Così ieri, come unica forma di protezione per la nuova tornata di interrogatorio, Silvia ha chiesto un paravento nero. Da lì dietro ha risposto alle domande. Ma quando è stato il momento di proiettare il video, ha chiesto di lasciare l'aula. I legali degli imputati non si sono opposti, «è stata una scelta di rispetto». Ma intanto il video è stato proiettato, nonostante i giudici spiegassero di averlo già visto, e nonostante le immagini, che durano pochi secondi, non sciolgano in nessun modo il tema chiave del processo: se Silvia era consenziente o se era in balia degli eventi, talmente ubriaca da non sapere opporsi allo stupro di gruppo.

«Non era molto provata»: uno dei difensori dei giovani-bene la descrive così al termine dell'udienza. Ma in mano ai giudici ci sono da ieri due perizie mediche, consegnate dall'avvocato di Silvia, Giulia Bongiorno (nella foto). Uno psichiatra e uno psicologo hanno visitato Silvia dopo i primi interrogatori cui è stata sottoposta, e hanno trovato le sue condizioni mentali nettamente deteriorate. Per avere la certezza che il peggioramento sia una conseguenza del trattamento subìto in aula basta leggere le trascrizioni delle udienze precedenti, in cui Silvia viene costretta a spiegare dettagli tanto intimi quanto irrilevanti; e a riferire particolari dolorosi della sua vita successiva («Non dormivo per settimane, sono un metro e ottanta e sono arrivata a pesare 53 chili. Avevo molti istinti suicidi e autolesionisti. Mi capitava di bere alcol e poi cercare di andare, non so, quasi di ammazzarmi, oppure mi sono fatta delle ferite sul braccio»). Per questo ieri la Bongiorno ha chiesto e ottenuto che la ragazza venisse interrogata «in forma protetta», dietro il paravento. La stessa richiesta verrà avanzata oggi, quando Silvia dovrà tornare in aula per un nuovo round. Non l'ultimo, probabilmente.

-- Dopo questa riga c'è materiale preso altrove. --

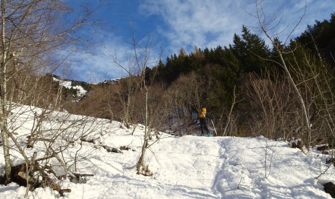 Die Verhältnisse waren recht anstrengend. Nasser Neuschnee im Aufstieg und dann erst recht in der Abfahrt.

Nelle prossime udienze, una volta concluso l'interrogatorio della vittima, toccherà agli imputati, che sia la Procura che le difese hanno chiesto di sentire, ma che potrebbero avvalersi in ogni caso della facoltà di non rispondere.

A quel punto il quadro della vicenda dovrebbe essere sufficientemente completo, ma tra un rinvio e l'altro il tribunale ha già fatto sapere che difficilmente la sentenza potrà essere emessa prima dell'estate: non la prossima, ma quella del 2025.